On the other hand, that same state has its hand out for federal funds because it has a crawfish shortage. (True — look it up.) Something is very wrong there.
— Michael Rathsack, Park Ridge
Suggestion for Election Day
We in Illinois have an opportunity on Election Day. Neither party’s presidential nominee is in doubt, so when we go to the polls to vote for the down-ballot races, let’s vote for who we want for president rather than who we know will win.
It would be good to show both parties that they shouldn’t take us for granted.

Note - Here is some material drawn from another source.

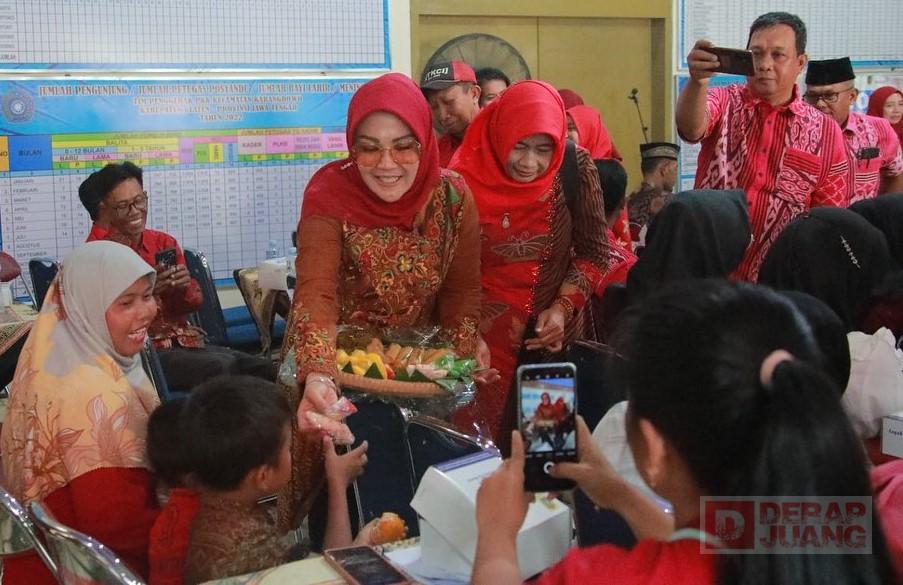 Foto : Sri Mulyani (Hijab Merah – Kacamata) Bagikan Jajanan Tradisional Kepada Anak-Anak Di Acara Penyerahan Bantuan Dari Mbak Puan. Minggu (08/10/2023).

— Phillip Seeberg, Naperville
Notes of praise are bright spots
Although much of the news is depressing, it brightens my day to hear from folks all over the Chicago area praising the people who so promptly and faithfully deliver the Tribune. We’ve been in our house for almost 40 years, and for most of those years, Ray C. Grider has never missed a day delivering our newspaper.
It’s a fact that fewer people are getting the print edition of the paper, so like many others, I’m sure, I’ve been increasing the amount of my Christmas gift.
Thank you to Ray!
— Diane Daly, River Forest
Delivery person’s work ethic
Our Tribune delivery person, David Bellamy, has been on our route for more than 20 years, faithfully delivering the paper by 5:30 every morning. This past Christmas, he sent us his usual greeting card and included a note apologizing for missing a week while he was in the hospital. That is what I call being dedicated, reliable and responsible, an excellent work ethic for certain.
Thank you to David for all his years of service.